Mr Abbas arrived in Washington with his personal standing and political capital in the doldrums. Palestinian elections are years overdue and he cannot even claim to represent Gaza, which is controlled by Hamas.

His position is further under threat from his rival Marwan Barghouti who is on hunger strike along with hundreds of other Palestinian prisoners in Israeli jails.

At the same time, trust between Palestine and Israel is at a low point.

Mr Netanyahu seems unwilling to compromise while he is fighting to keep his governing coalition together in the face of right-wing pressure.

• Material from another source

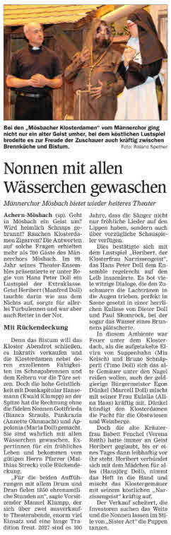 Achern-Mösbach (sp). Geht in Mösbach ein Geist um? Wird heimlich Schnaps gebrannt? Rauchen Klosterdamen Zigarren? Die Antworten auf solche Fragen erhielten mehr als 700 Gäste des Männerchors Mösbach. Im 99. Jahr seines Theater-Ensembles präsentierte er unter Regie von Hans Peter Doll ein Lustspiel der Extraklasse. Geist Heribert (Manfred Doll) tauchte darin wie aus dem Nichts auf, sorgte für allerlei Turbulenzen und war aber auch Retter in der Not.
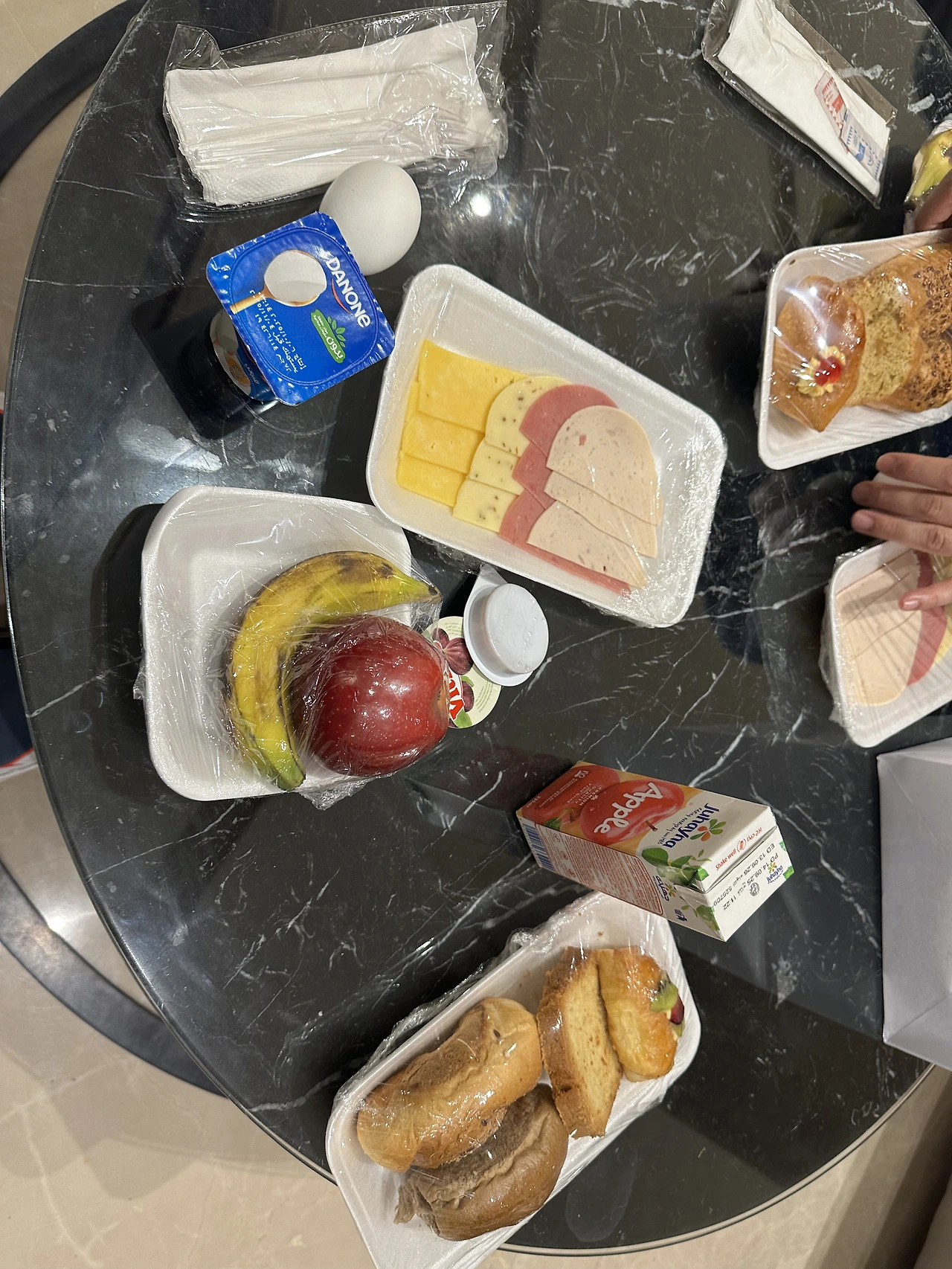 아무튼 주섬주섬 짐을 싸서 아쉬움을 뒤로 하고 1층에 내려가 체크아웃을 하고, 조식 대신 아침 도시락을 받았다. 거창하진 않았지만 그래도 있을 것은 다 있는 알찬 도시락이었다. 남은 시간 10분, 너무 이른 아침이라 잘 음식이 넘어가진 않았지만 부랴부랴 달걀과 요거트를 입에 넣고, 빵에다 치즈와 햄을 껴서 먹었다. 주스와 과일은 혹시 배고플지도 모르니 가방안에 넣었다.

In February, in a sign of his unrealistic approach, Mr Trump upended decades of American diplomacy by saying the two-state solution need not be the basis of a peace deal and that it was up to the two sides to find their own agreement.

Mr Trump’s campaign promise to move the US embassy from Tel Aviv to Jerusalem also angered Palestinians. Such a relocation would represent recognition of Jerusalem as the capital of Israel, before its status has been agreed in negotiations.

The US president has since distanced himself from that position although Mike Pence, his vice-president, said on Tuesday that Mr Trump was still giving “serious consideration” to the inflammatory idea.

During an event commemorating Israeli independence on the eve of Mr Abbas’s visit, Mr Pence promised Israel’s interests would be protected in any peace talks.

“Thanks to the president’s tireless leadership, momentum is building and good will is growing,” he said.

“And while there will undoubtedly have to be compromises, you can rest assured: president Donald Trump will never comprise the safety and security of the Jewish state of Israel. Not now, not ever.”